Antidepressants associated with restless legs syndrome. Most antidepressants have been reported to provoke or deteriorate RLS: mianserin, mirtazapine, SSRIs, SNRIs, and tricyclic antidepressants.[43,47,50] Conversely, bupropion, an antidepressant devoid of serotonergic effect did not aggravate the symptoms of preexisting RLS in a controlled trial, and there was a trend suggesting a possible beneficial effect, yet to be confirmed.
Pathogenesis. The pathogenesis of RLS is poorly understood. It is generally agreed that dopamine and iron availability in the brain modulate emergence of symptoms, while dopaminergic agonists, iron, but also opioid drugs, alleviate the symptoms. Genetic factors seem critical.[45,52] How SSRIs could aggravate or induce RLS in some subjects is unknown. However, a SPECT study showed that in a group of patients with RLS, the severity of symptoms increased as the availability of serotonin transporter decreased. The authors therefore suggested that an increase in serotonergic transmission might exacerbate RLS, possibly via modulations on striatal dopaminergic transmission and on the spinal motor and sensory neurons.

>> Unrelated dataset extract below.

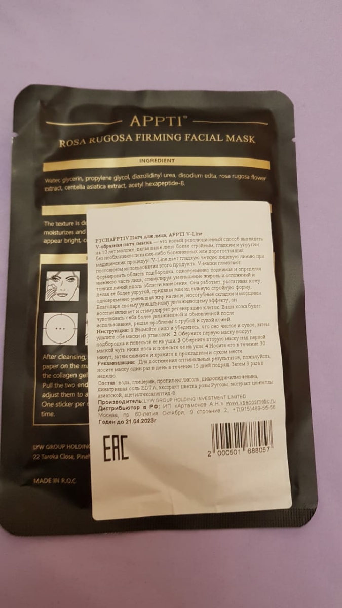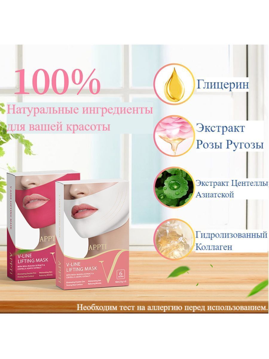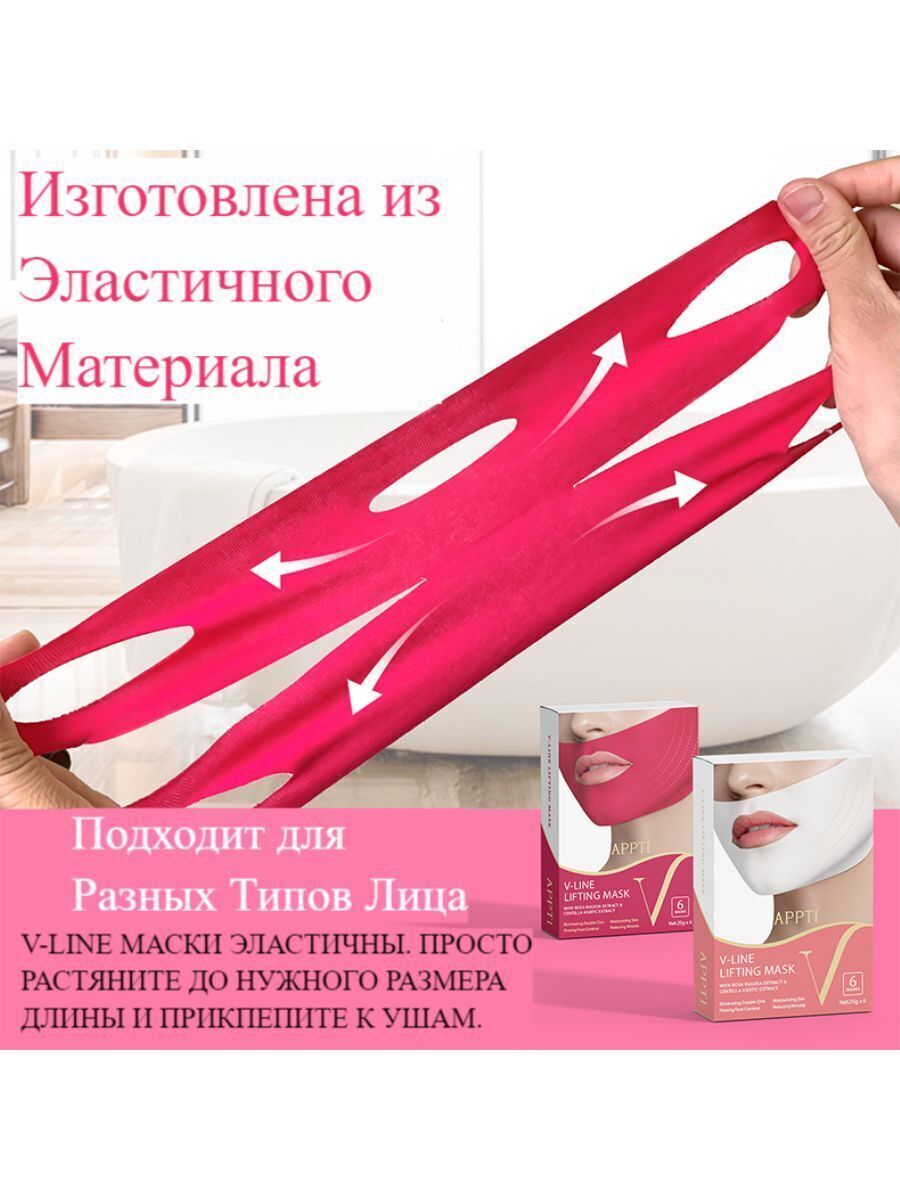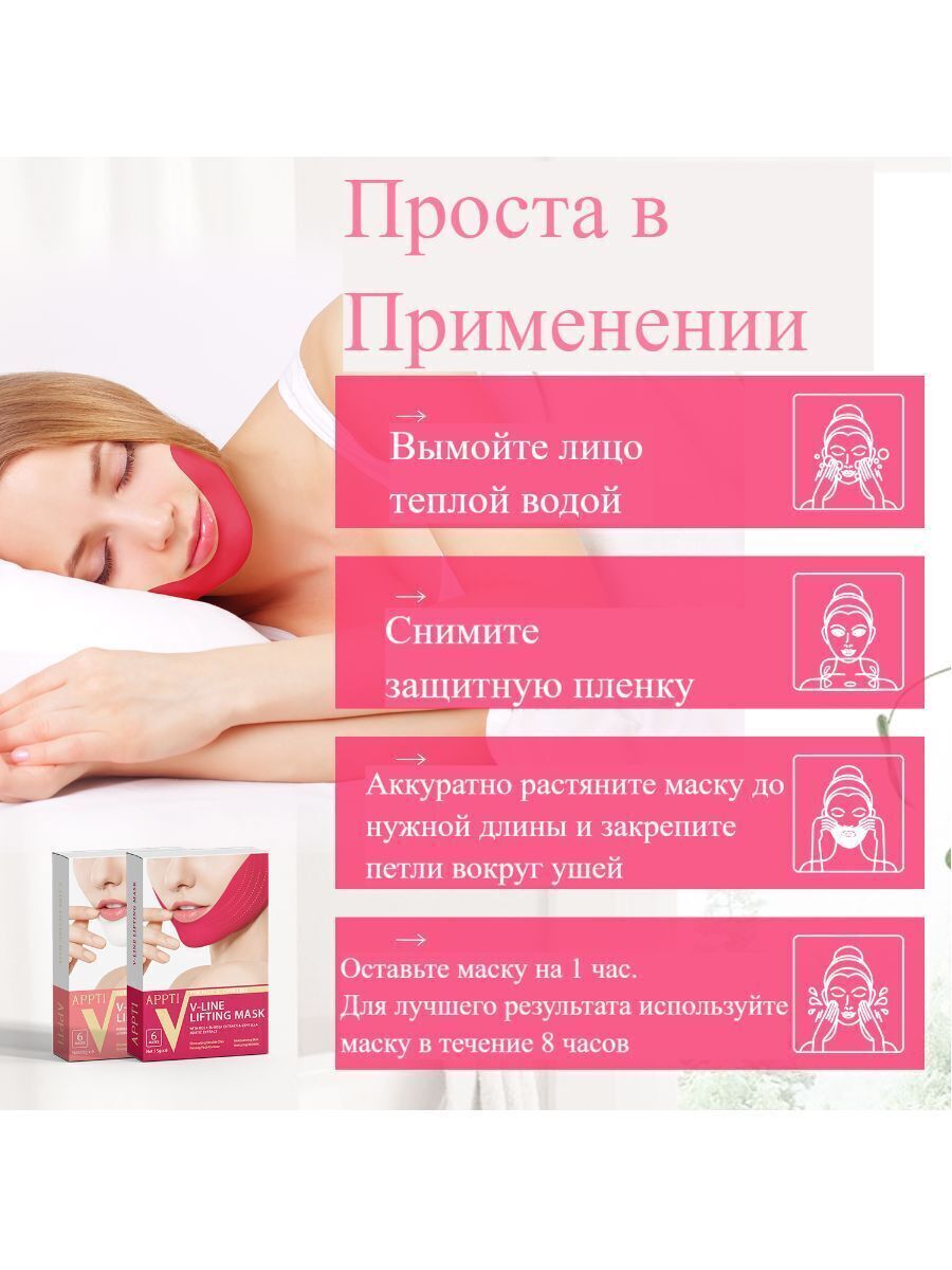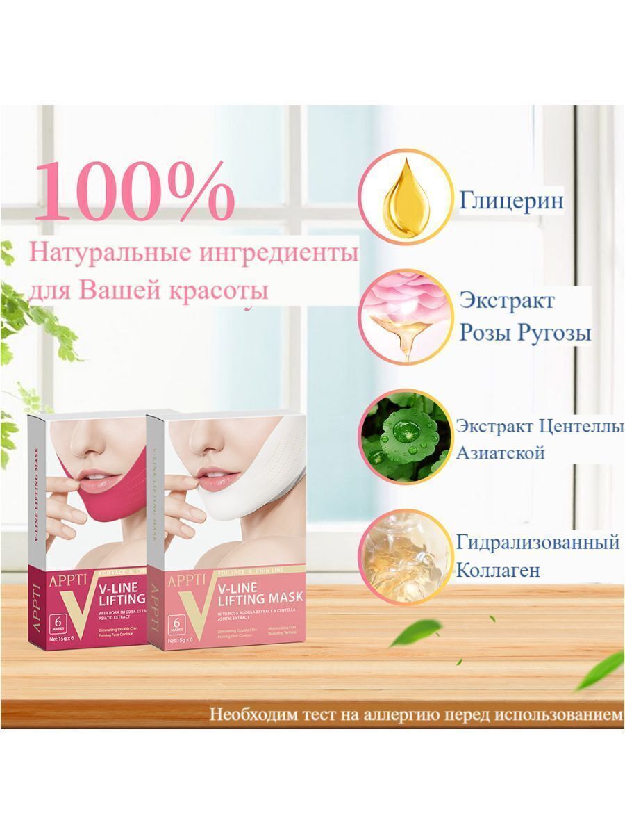 APPTI Патч - маска V-Line для подтяжки и лифтинга овала лица / Красный / 6 шт.

Periodic limb movements [PLM] are characterized by brief 0.5–10 s stereotyped lower limb movements during sleep, which typically occur at 20–40 s intervals. PLM can result in electroencephalographic arousals or awakenings and contribute to insomnia, or excessive daytime sleepiness. PLM may be associated with restless legs syndrome. An association between the use of fluoxetine and/or myoclonic jerks during non-REM sleep was described in the 1990s. PLM was described with the use of fluoxetine in depressed patients and soon after with venlafaxine in normal volunteers. In a large case-control study, Yang et al. found that in patients referred for polysomnography (mainly to rule out sleep apnea), the use of venlafaxine and SSRI, and the risk of PLM was increased. An increased risk of PLM in subjects receiving SSRI has also been demonstrated in children. The risk of PLM seems to be independent of the type of SSRI, although differences in severity might exist.[57,59] Other antidepressants involved include venlafaxine and mirtazapine.